ShapeFit¶

SHAPEFIT is a pose prediction method that is built up on the concept that similar ligands have similar binding modes in a protein active site. Given a molecule that is known to bind, and a ligand-protein complex containing a similar ligand or the binding pose of a similar ligand, SHAPEFIT overlays the docked ligand onto the known bound ligand. The approach used here is an extension of the molecular- shape-based ligand-alignment algorithm used in ROCS. Although both are shape-based ligand alignment, unlike ROCS, SHAPEFIT allows for for intra-molecular flexibility of the docked ligand.
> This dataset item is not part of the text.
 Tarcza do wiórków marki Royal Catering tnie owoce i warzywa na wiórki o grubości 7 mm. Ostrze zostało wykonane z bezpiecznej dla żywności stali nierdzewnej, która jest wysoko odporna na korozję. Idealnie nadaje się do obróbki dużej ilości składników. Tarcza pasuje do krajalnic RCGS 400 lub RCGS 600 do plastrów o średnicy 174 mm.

SHAPEFIT also guards against the docked ligand bumping into the protein, when using a ligand-protein complex as reference system.
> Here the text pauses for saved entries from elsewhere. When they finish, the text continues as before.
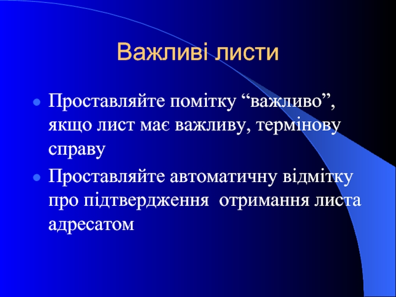 Проставляйте помітку “важливо”, якщо лист має важливу, термінову справу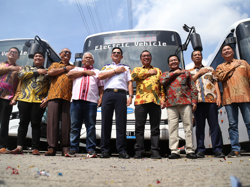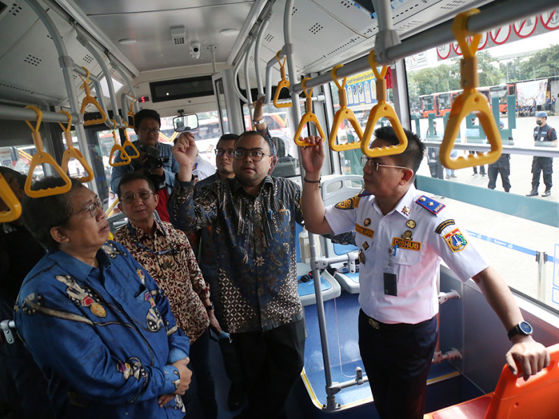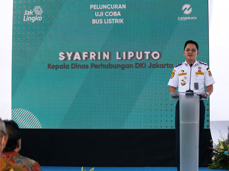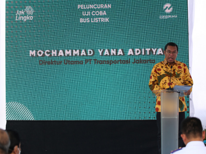 PT Transportasi Jakarta (Transjakarta) melakukan uji coba pengoperasian bus listrik di pool bus Terminal Kampung Rambutan, Jakarta Timur, Rabu (8/6). Uji coba dipimpin langsung oleh Kepala Dinas Perhubungan DKI Jakarta, Syafrin Liputo. (Foto: Mochamad Tresna Suheryanto/beritajakarta.id)
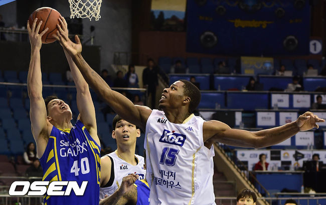 3쿼터 삼성 이동준과 KCC 심스가 리바운드 경쟁을 펼치고 있다.

When multiple receptors, or bound ligand references are provided, SHAPEFIT searches through XRC coordinates of ligands, determines the bound-liagnd best able to predict the pose of the molecule and then generates both a pose and the probability that the pose is correct.
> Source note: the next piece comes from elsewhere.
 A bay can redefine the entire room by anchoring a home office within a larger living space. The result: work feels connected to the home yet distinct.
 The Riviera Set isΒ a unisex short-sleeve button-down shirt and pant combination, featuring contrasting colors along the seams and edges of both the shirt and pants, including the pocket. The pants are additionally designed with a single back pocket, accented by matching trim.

SHAPEFIT’s basic algorithm:

Given a set of potential complexes or bound-ligands, SHAPEFIT chooses the appropriate reference system based on the 2D/3D similarity to the bound ligand. The best reference, in general, has the highest 2D/3D similarity of the input molecule to the chosen bound ligand.

After the complex is chosen, a flexible fitting is performed that attempts to maximize the shape and color similarities between the input molecule and the bound ligand while at the same time minimizing the intra-molecular force field on input molecule.

SHAPEFIT seeds the flexible fit by expanding the poses generated by the original 3D similarity as described in (1) and then applying the shape constraint of the bound ligand.

As shown in figure SHAPEFIT Optimization, SHAPEFIT works by first using the known bound ligand to position the input molecule and follows up by using the bound ligand as a shape constraint during force field optimization [Halgren-I-1996] [Halgren-II-1996] [Halgren-III-1996] [Halgren-IV-1996] [Halgren-V-1996] [Halgren-VI-1999] [Halgren-VII-1999] . While the input molecule is being forced into the shape constraint, the generated pose strain is monitored to avoid generating high strain poses.

The interactions between the generated poses and proteins are utilized to identify clash-free poses while simultaneously selecting the poses with the highest Pose probability.

This is a long winded way of saying that SHAPEFIT’s optimization attempts to force the molecule into the known binding mode without creating undue strain on the molecule being placed into the protein.

SHAPEFIT Optimization: Starting from an initial alignment, use the shape constraint of the bound-ligand to drive a flexible fit while simultaneously minimizing intra-molecular force field of the fit molecule¶

As shown in figure SHAPEFIT Cross Docking Results, analyzing the Kinase data set used in [Tuccinardi-2010] pose-prediction using SHAPEFIT is seen to perform remarkably better for similar ligands than standard docking techniques at higher TanimotoCombo values:

Cross Docking probability of finding poses within 2.0 |Angstroms|

SHAPEFIT Cross Docking Results: Probability of finding a good pose based on bound-ligand fit-ligand TanimotoCombo similarity. Standard docking results are essentially the same and follow the same trajectories flattening out as they hit their limit of accuracy. While SHAPEFIT performs worse at low similarities it continually increases as similarity increases.¶

While SHAPEFIT is not a good technique for determining the pose between known bound-ligands and fit ligands with low similarity, as the similarity increases, the probability of determining the correct pose increases rapidly. This is most likely because as the similarity increases, the active site similarity also increases.

On Clashes¶

Unlike the FRED and HYBRID methods, SHAPEFIT is heavily biased towards the known bound ligand. In some cases this causes the pose to clash with the protein. This is especially true if the original bound ligand already clashes with the protein.